TULA identified 4 mezzanine funds comfortable with management-led deals and service sector exposure. Negotiated PIK option for first 3 years preserving cash for growth investments. Structured warrant package providing upside participation while maintaining management control.

Outcome

£50M mezzanine facility at 12% cash + 3% PIK with 10% warrants. 7-year maturity eliminated refinancing risk during growth phase. PIK election allowed £4.5M annual cash preservation during expansion. Business tripled EBITDA over 5 years; mezzanine lender achieved 2.8x money multiple including warrant value.

Key Highlights

  • 12% cash + 3% PIK interest structure
  • 10% equity warrant coverage
  • 7-year bullet maturity
  • Covenant package aligned with business plan

About These Case Studies

Are these real transactions?

Yes. All case studies represent actual financing transactions advised by members of the TULA Capital network. Details have been anonymized and simplified to protect client confidentiality, but transaction structures, sizes, and outcomes are representative of actual deals.

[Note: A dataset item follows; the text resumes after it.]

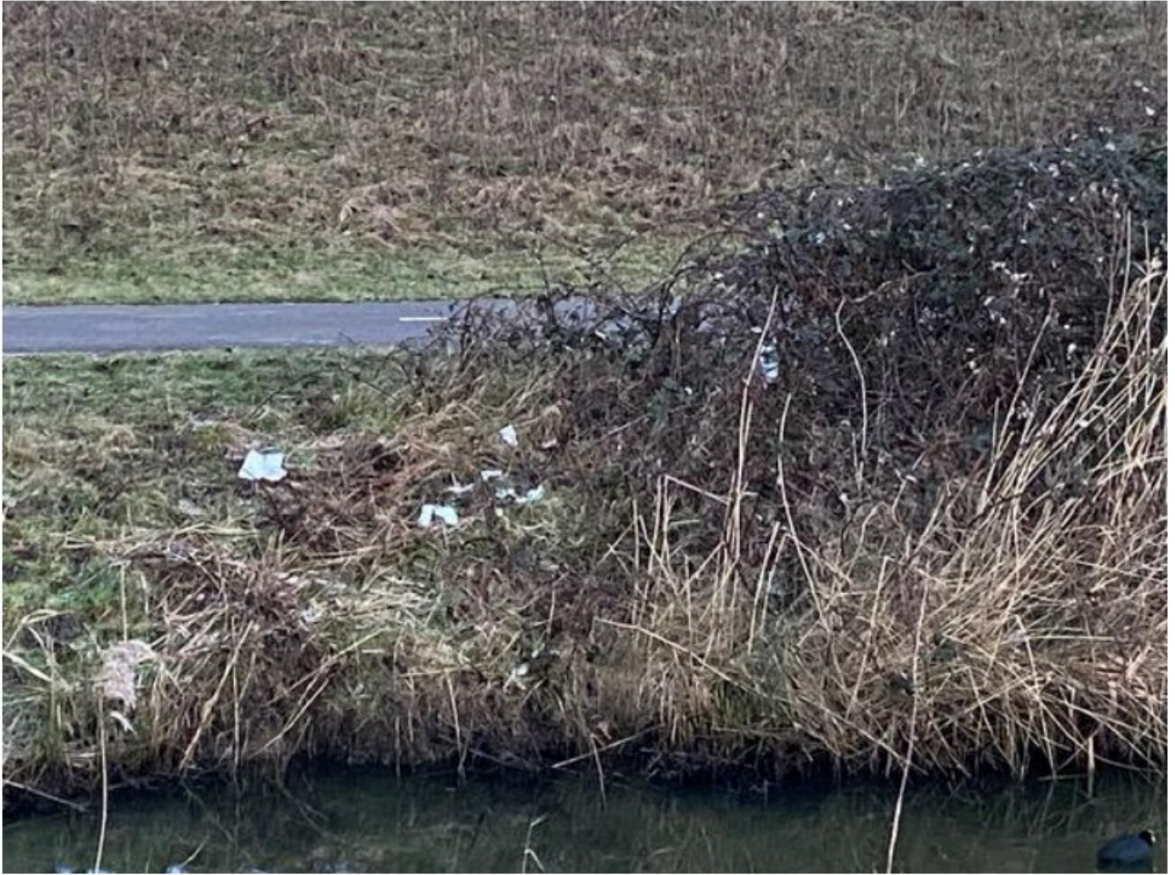
Verstuurd vanaf mijn iPad

Can you help with similar transactions?

Absolutely. These case studies demonstrate the types of transactions we regularly advise across the EU and Switzerland. If you're facing a similar financing need or challenge, we'd be pleased to discuss how our experience and lender relationships can help achieve your objectives.

How do you ensure confidentiality?

We take client confidentiality seriously. Case studies are published only with explicit client permission or after sufficient anonymization. We never disclose company names, specific identifying details, or proprietary information without authorization. All case study content is reviewed internally before publication.